§ TASK GOAL: Only the lines of the listing below that run from the line with "著有《瑜伽療癒的身心復健科學》及《筋膜X瑜伽訓練全書》" through the line with "6. 각 gridBand를" are to be set down, word for word. Pictures stay out.

§ SUPPLIED INFORMATION:
========================================================================
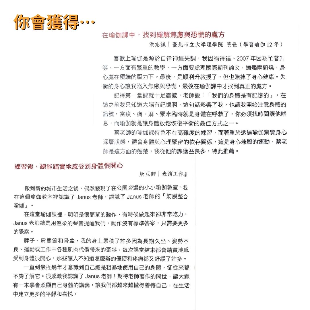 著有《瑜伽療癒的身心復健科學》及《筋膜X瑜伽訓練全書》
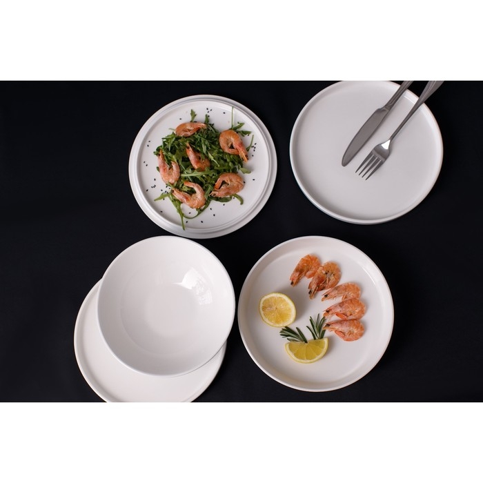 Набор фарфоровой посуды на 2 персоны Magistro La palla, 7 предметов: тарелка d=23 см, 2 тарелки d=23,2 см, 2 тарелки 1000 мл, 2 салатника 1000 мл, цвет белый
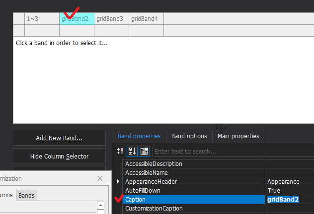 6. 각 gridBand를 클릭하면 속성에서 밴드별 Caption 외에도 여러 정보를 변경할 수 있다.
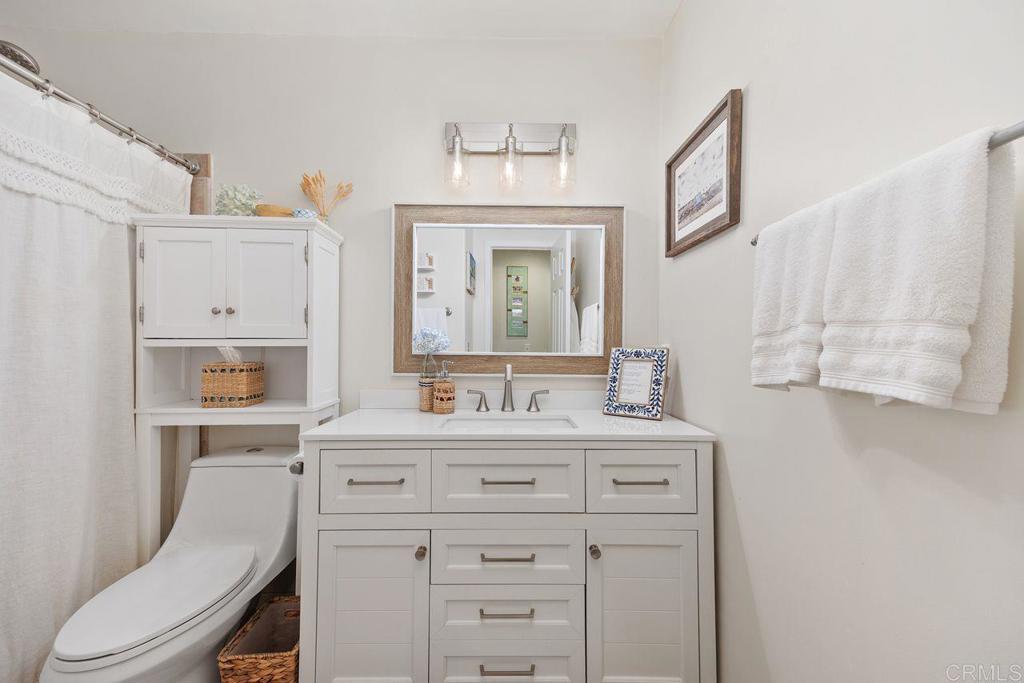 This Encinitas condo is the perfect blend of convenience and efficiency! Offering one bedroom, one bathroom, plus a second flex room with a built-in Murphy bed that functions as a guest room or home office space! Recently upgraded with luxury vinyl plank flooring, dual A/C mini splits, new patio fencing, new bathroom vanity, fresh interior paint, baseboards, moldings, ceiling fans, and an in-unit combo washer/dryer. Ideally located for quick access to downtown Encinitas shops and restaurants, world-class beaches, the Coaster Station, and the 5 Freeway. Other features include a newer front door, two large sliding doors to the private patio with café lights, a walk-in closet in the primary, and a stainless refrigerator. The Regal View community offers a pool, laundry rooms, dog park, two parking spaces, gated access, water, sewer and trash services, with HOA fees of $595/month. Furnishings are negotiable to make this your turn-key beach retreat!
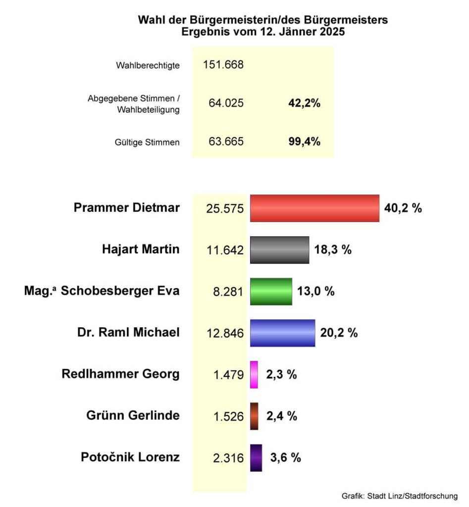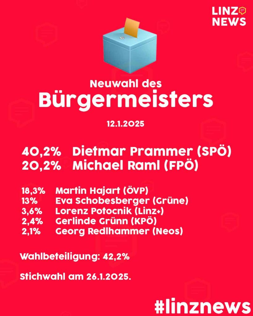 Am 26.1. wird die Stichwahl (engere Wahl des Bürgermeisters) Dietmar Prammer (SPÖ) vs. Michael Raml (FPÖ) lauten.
========================================================================
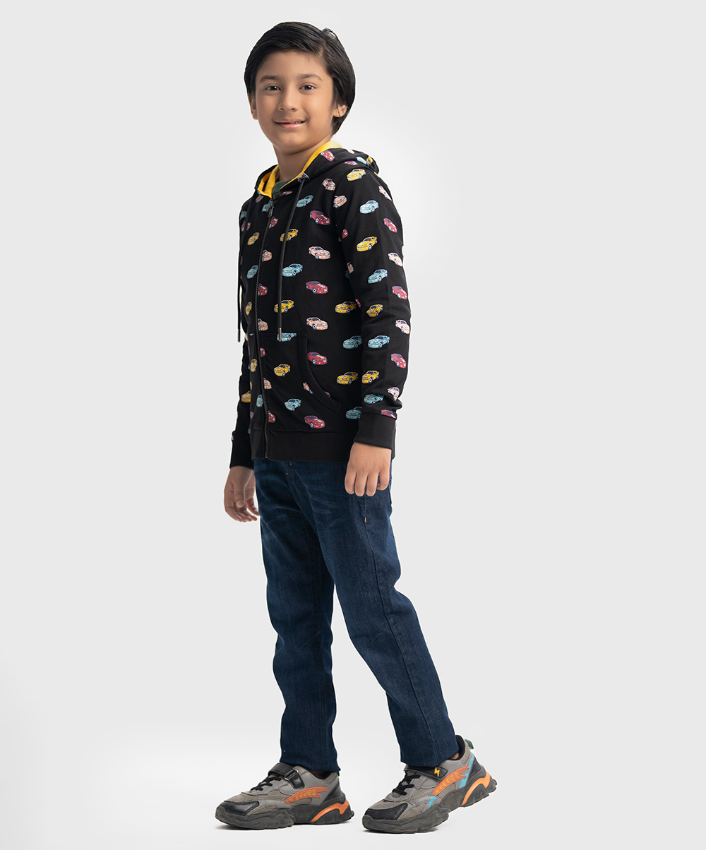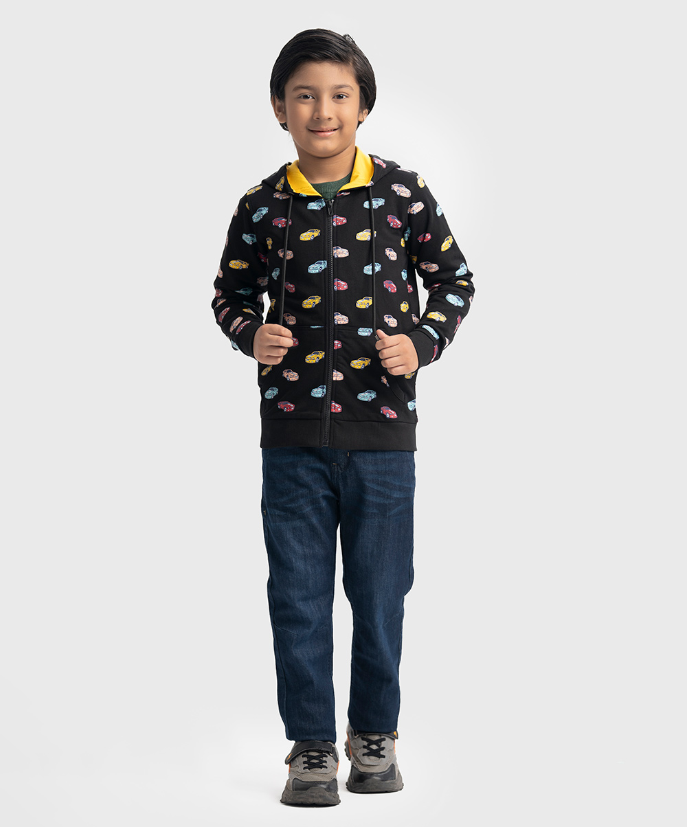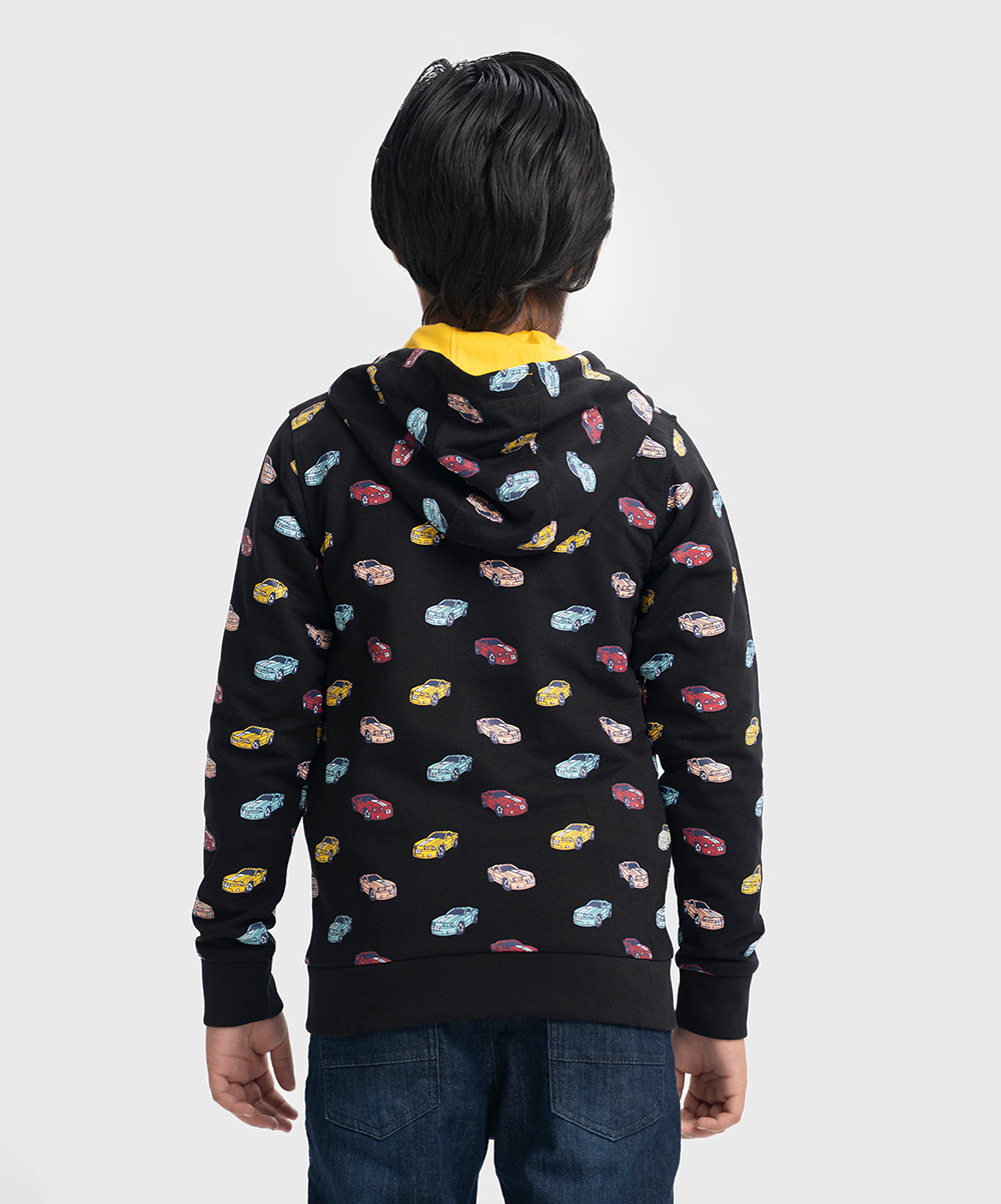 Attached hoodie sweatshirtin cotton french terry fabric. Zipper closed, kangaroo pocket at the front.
========================================================================
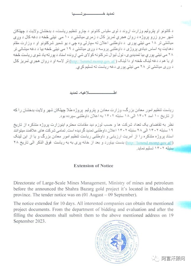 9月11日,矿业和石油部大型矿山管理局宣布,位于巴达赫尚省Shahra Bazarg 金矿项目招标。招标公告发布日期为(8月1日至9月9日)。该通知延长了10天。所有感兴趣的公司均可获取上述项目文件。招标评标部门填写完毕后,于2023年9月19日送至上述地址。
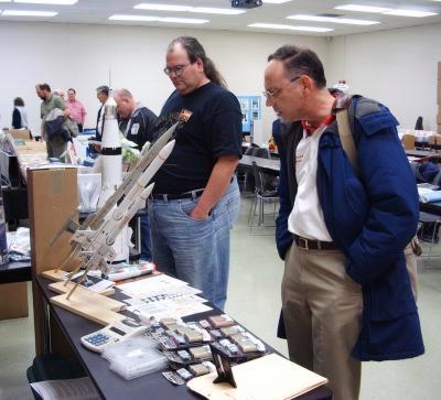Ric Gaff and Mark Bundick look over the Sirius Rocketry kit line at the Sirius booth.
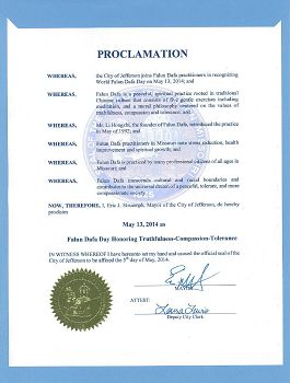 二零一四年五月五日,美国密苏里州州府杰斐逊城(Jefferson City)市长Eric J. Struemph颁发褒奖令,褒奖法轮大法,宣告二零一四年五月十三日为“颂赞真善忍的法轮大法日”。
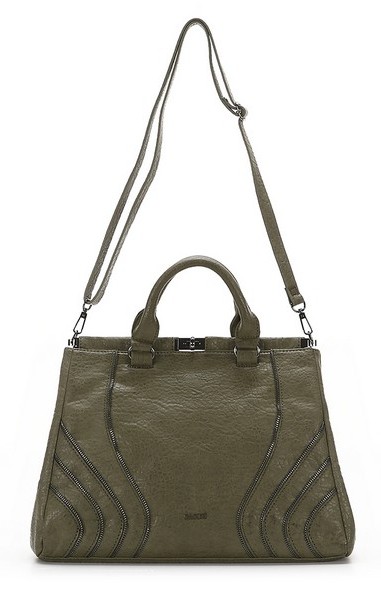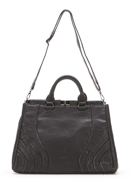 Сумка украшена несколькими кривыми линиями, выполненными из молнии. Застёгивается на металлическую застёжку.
========================================================================
§ SOLVED PROBLEM:
 著有《瑜伽療癒的身心復健科學》及《筋膜X瑜伽訓練全書》
 Набор фарфоровой посуды на 2 персоны Magistro La palla, 7 предметов: тарелка d=23 см, 2 тарелки d=23,2 см, 2 тарелки 1000 мл, 2 салатника 1000 мл, цвет белый
 6. 각 gridBand를 클릭하면 속성에서 밴드별 Caption 외에도 여러 정보를 변경할 수 있다.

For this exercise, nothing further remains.